Global warming does not affect only the environment, it affects the entire system we live in. We can’t think of it as detached from gender, social and racial inequalities. Neither as something separated from our cultural heritage. For this reason, when we think about actions we shouldn’t focus only on emissions reductions, but also think about how to preserve our cultural and artistic production and learn how this, with the aid of new technologies, can help us find new ways to shape our future.

Last year, during my spare time, with the help of Marco Magini (writer and environmental policy adviser), Paolo Nelli (writer) and Maddalena Vatti (producer) I started investigating what role digital technologies play in a city like Venice, which is notoriously under the threat of rising waters, and even more so with the increased global warming.

On the 13th of November 2019 an exceptional acqua alta (a high tide) hit the city bringing one of the worst devastation of the last century. Various archives, buildings, commercial activities, homes and cultural venues were damaged. This prompted a question: what can we understand from an event like this? Is the case of Venice an isolated one or is it a cautionary tale for humanity? After all Venice is not the only city which is sinking and where rising tides threaten to unravel the urban fabric. We should not simply mourn the devastation and start to repair the damage, we should consider the event as an opportunity to think about the direct impact of global warming on our cultural heritage and what we can do to reduce it.

While conducting interviews with scholars, experts, professionals and citizens with the aim of producing a podcast, we slowly came to understand the role and potential of digital technologies in the study of the evolution of a city in respect to changing climate and urban conditions, as well as the role these play in its preservation.

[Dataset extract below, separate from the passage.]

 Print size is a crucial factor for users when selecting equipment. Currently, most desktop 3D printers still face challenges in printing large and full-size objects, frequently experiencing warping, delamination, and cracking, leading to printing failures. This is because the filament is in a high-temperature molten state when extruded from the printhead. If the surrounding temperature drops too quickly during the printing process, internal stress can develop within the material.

Digital preservation, 3D rendering and water sensors

A fantastic example of digital preservation  is the one carried out  between the 6th and 17th of July 2020 by a team from the Factum Foundation for Digital Technology in Conservation in collaboration with the Cini Foundation, EPFL and Iconem (https://www.factumfoundation.org/pag/1640/recording-the-island-of-san-giorgio-maggiore). They spent twelve days in Venice recording the Island of San Giorgio Maggiore in its entirety. The result was a virtual rendering of the island made using a mix of LID long-range LIDAR scanning to capture the overall shape of the buildings, external and internal views and high resolution photogrammetry to add the surface detail to that. The island was recorded from more than 600 different recording spots, from which a massive 60.000 million-point cloud was generated. The data acquired through photogrammetry is currently being merged with the point-clouds with the aim of creating a 3D model of the whole island.

two images of the same statue side by side, the one on the right uses high resolution photogrammetry
First (right) and final (right) data processing of the render of one the statues on the façade © Factum Foundation for ARCHiVe

This massive work enabled researchers to study the sculptures and the inscriptions that are high up on the facade of San Giorgio but also to analyse the way that the plaster covering the walls was being affected by salt and peeling off.

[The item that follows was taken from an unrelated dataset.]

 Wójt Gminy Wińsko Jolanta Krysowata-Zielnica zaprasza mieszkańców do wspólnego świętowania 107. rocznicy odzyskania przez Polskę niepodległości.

Thanks to these data it is now possible to carry out really detailed recording of the breakdown of a surface and also monitor the speed at which the cobalt coverings are being blown off by the salt, the speed of decay, to really look and create data to discuss how best to preserve the material heritage on the island.

Camera obscura, painting and digital image analysis: what can the past tell us about the present and the future

It is also possible to use paintings and buildings to look at the past to learn our present. In fact, these artifacts can unconsciously record events and phenomena that postdate their own creation, carrying them into the future.

The researcher in atmospheric physics and cultural heritage Dario Camuffo has conducted a scientific analysis of the works of Venetian painters, Canaletto in particular, depicting buildings and compared them with the state of the very same buildings today in an attempt to calculate the impact of land subsidence in Venice.

Painting of The Grand Canal in Venice
Canaletto (Venice 1697-Venice 1768) - The Grand Canal looking East from the Carità towards the Bacino

As professor Camuffo has written, “in general paintings provide a qualitative image, but in Venice’s case, a quantitative evaluation of the apparent sea level rise is possible, thanks to accurate paintings by Canaletto and Bellotto, drawn with the aid of the camera obscura. The paintings accurately reproduce all of the details with a high degree of precision, including the algae belt. […] By analysing these paintings, and comparing them with the algae level we see today, we can extend our knowledge of Venice’s submersion, reaching back in time almost as far back as three centuries.”

How many stories and information are buried in the archives? Deep learning image analysis can help to reveal them, we just need to think creatively.

Maps and algorithms, space syntax, literature and architecture

Maps and literature can also reveal more stories about a city than we think.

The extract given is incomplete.